--- THE INPUT Enclosed Below ---

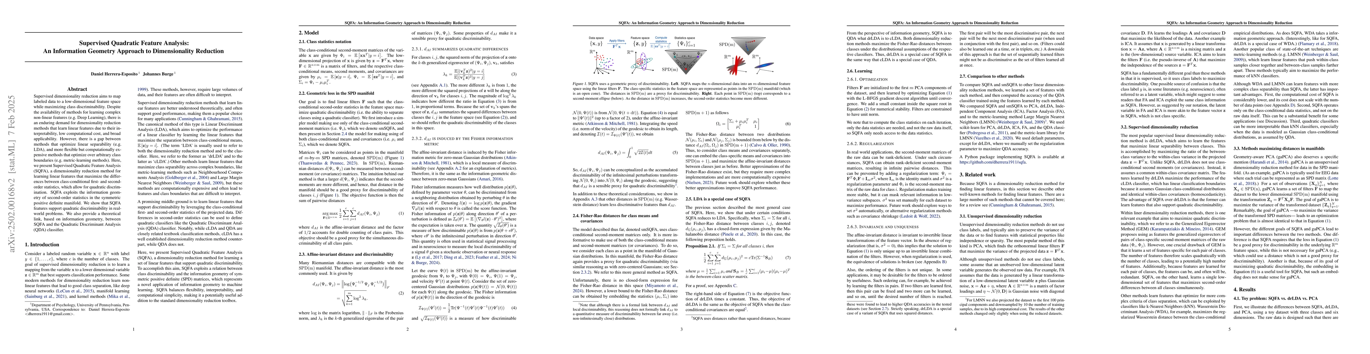 The research introduces Supervised Quadratic Feature Analysis (SQFA), a dimensionality reduction method that learns linear features maximizing the differences between class-conditional first- and second-order statistics for quadratic discriminability. It exploits the information geometry of second-order statistics in the symmetric positive definite manifold and establishes a theoretical link with Quadratic Discriminant Analysis (QDA) classifier.
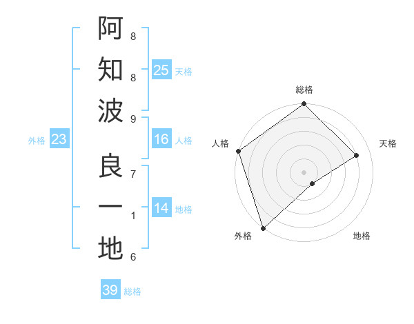 阿知波 良一地さんを姓名の画数から五運を鑑定
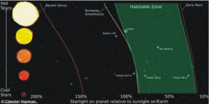目前,公认的太阳系中的宜居带始于约0.95个天文单位(约9300万英里),这个距离较为舒适,距离地球运转轨道为1个天文单位。然而,由詹姆斯·卡斯丁(James Kasting),美国宾夕法尼亚州立大学的研究人员,美国宇航局以及波尔多大学的最新研究表明,该宜居区的内部边缘已远远超出范围,为0.99个天文单位。
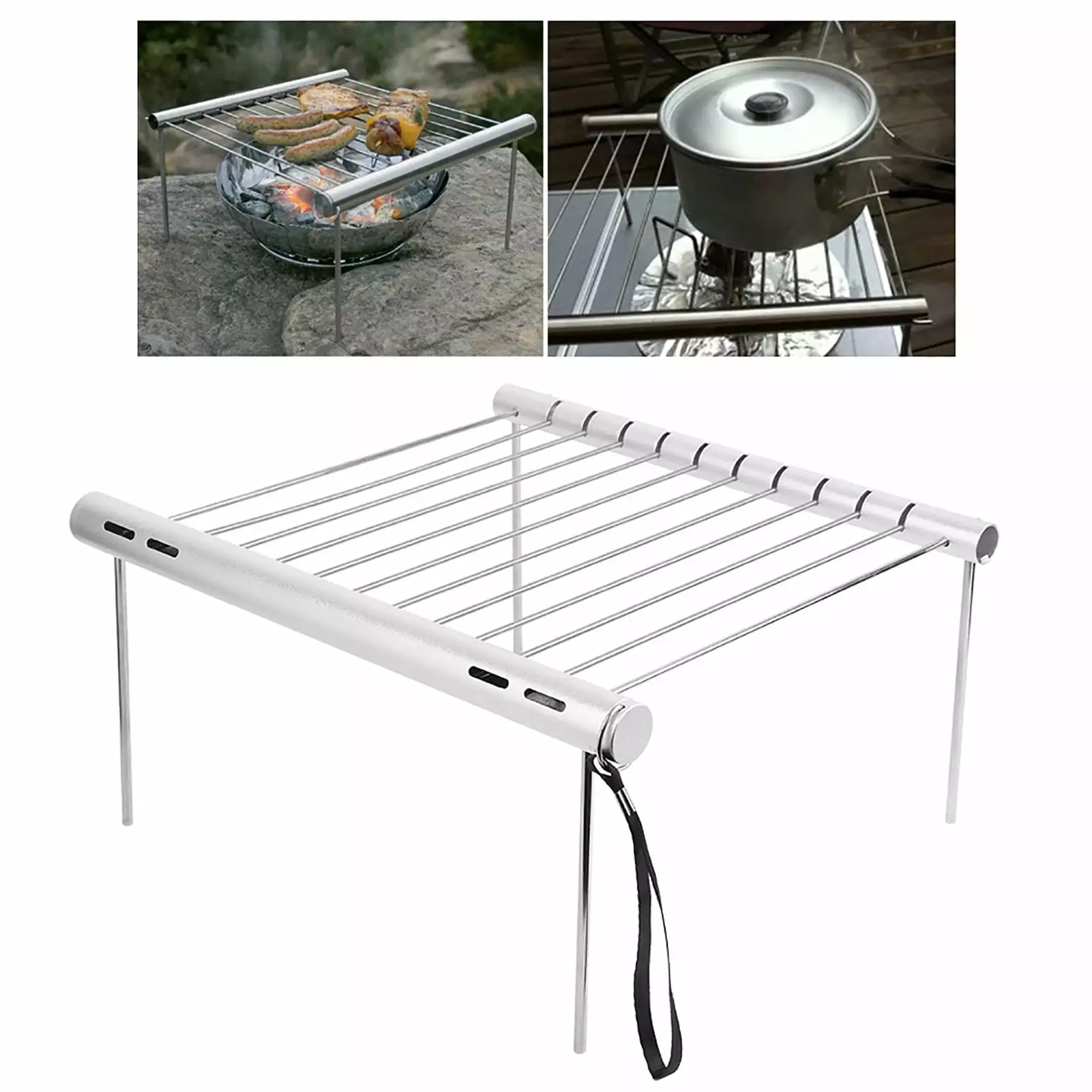 1 Sturdy and easy to assemble. as long as the first and last rods on the grill are screwed in tight. the middle rods will be secure and won’t budge. 2 Lightweight and portable. all grill parts are stored inside the tube and easily slide into your backpack. 3 Easy to clean. just wipe the rods with a towel and slide back into the convenient carry tube. 4 This product is made of thickness stainless steel material. excellent wear resisting. no rust. durable and long lasting. 5 This portable and barbecue grill can be used in all sorts of occasion. for instance. it is perfect for outdoor camping. hiking. cooking. beach. backpacking. picnics tailgating or parties and so on. 6 It is an amazing grilling tool for you to meet your own cooking needs for smoky barbecue. along with different kinds of grilled flavors for you to get the most original flavor of meat.clearance Stainless Steel Charcoal Barbeque Grill Portable Folding Grill for Outdoor Camping Cooking Picnics
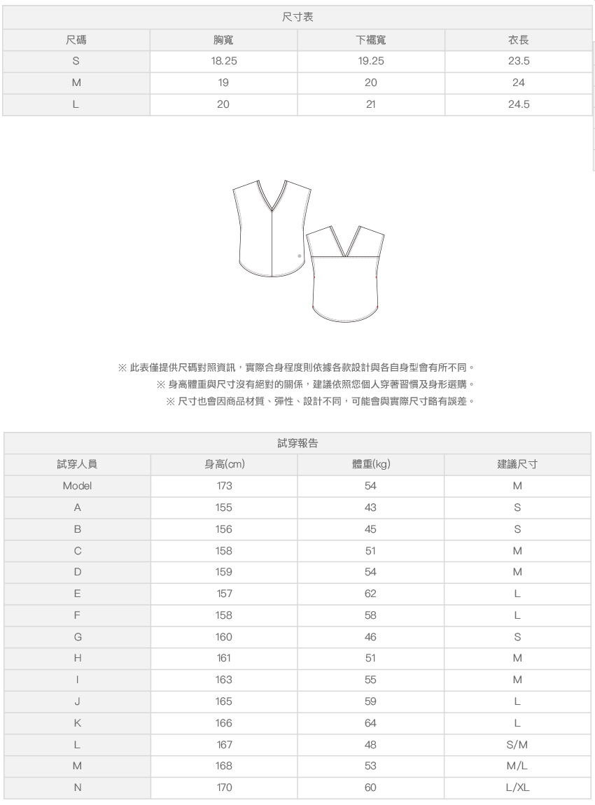 ※ 尺寸表及試穿報告僅提供尺碼對照資訊,實際合身程度則依據各款設計與各自身型會有所不同。
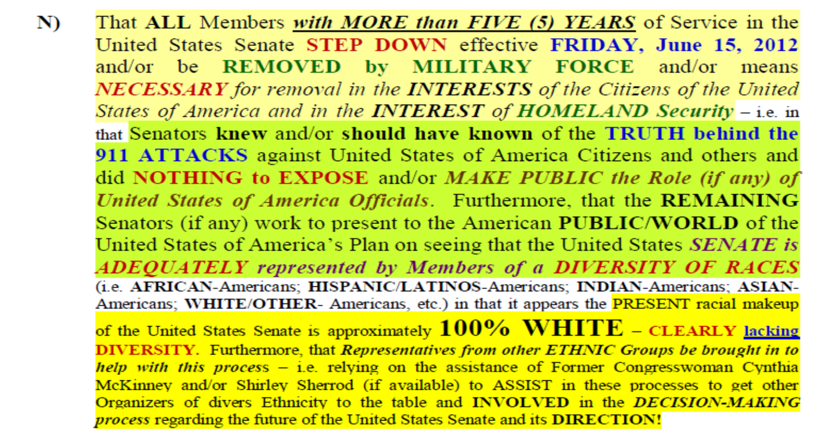 The CTN’s / UIE’s Matriarch being a strong advocate for keeping notes / a diary – i.e. advising the Prime Minister that, “the White Man does not think we have good sense.” Therefore, document and record our own history! Words of Wisdom proving to be FATAL for the USA’s continued existence!
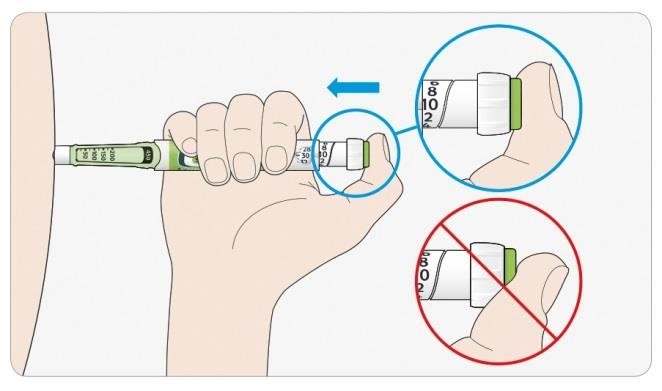 • Du kan ikke dreje doseringsskalaen forbi antallet af enheder, der er tilbage i pennen.

--- End of Enclosed THE INPUT ---

Only the lines from the line with "The CTN’s /" through the end of the records belong in your copy. Repeat them exactly, without pictures.

 The CTN’s / UIE’s Matriarch being a strong advocate for keeping notes / a diary – i.e. advising the Prime Minister that, “the White Man does not think we have good sense.” Therefore, document and record our own history! Words of Wisdom proving to be FATAL for the USA’s continued existence!
 • Du kan ikke dreje doseringsskalaen forbi antallet af enheder, der er tilbage i pennen.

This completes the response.